The New York Times has a Room for Debate on this, Got a Computer? Get a Degree with different reactions to the news. Most seem positive, but few feel that certificates for taking MOOCs are comparable to real course credit.

Kurt Vonnegut on the Shapes of Stories

I’ve been meaning to blog on the video circulating of Kurt Vonnegut talking about the Shape of Stories. He describes the curves followed by popular stories like “boy meets girl” and suggests computers could even understand such simple curves. In Lapham’s Quarterly you can read the text of this lecture with illustrations. See Kurt Vonnegut at the Blackboard. In this version he asks about the value of such systems, a question which could apply equally to computer generated visualization,

The question is, does this system I’ve devised help us in the evaluation of literature? Perhaps a real masterpiece cannot be crucified on a cross of this design. How about Hamlet?

He concludes that the system doesn’t work because the truth is ambiguous. We simply don’t know in complex works (like Hamlet) if news is good or bad. Good literature is open to interpretation.

But there’s a reason we recognize Hamlet as a masterpiece: it’s that Shakespeare told us the truth, and people so rarely tell us the truth in this rise and fall here [indicates blackboard]. The truth is, we know so little about life, we don’t really know what the good news is and what the bad news is.

Many have noticed this amusing play on visualization including an infographic on Visua.ly, Kurt Vonnegut on the Shapes of Stories:

Plot visualization from Vonnegut

Prism: Collaborative Interpretation

Prism is the coolest idea I have come across in a long time.

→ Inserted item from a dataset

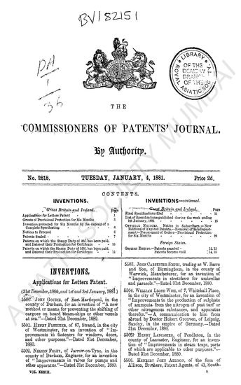 Commissioners of Patents Journal.Tuesday, Junuary 5, 18 ...
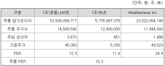 회사의 주당 평가가액은 2025년의 추정 순이익을 할인하여 현재가치로 환산환 후, 주식 수로 나누어 주당 순이익을 구한 다음, 유사회사의 평균 PER배수를 곱하여 산출한 것입니다.

Coming from the University of Virginia Scholar’s Lab, Prism is a collaborative interpretation environment. Someone comes up with categories like “Rhetoric”, “Orientalism” and “Social Darwinism” for a text like Notes on the State of Virginia. Then people (with accounts, which you can get freely) go through and mark passages. This creates overlapping interpretative markup of the sort you used to get with COCOA in TACT, but unlike TACT, many people can do the interpretation – it can be crowdsourced.

They are planning some visualizations of the results including what look like the types of visualizations that TACT gave where you can see words distributed over tagged areas.

Bethany Nowviskie explains the background to the project in this Scholar’s Lab post.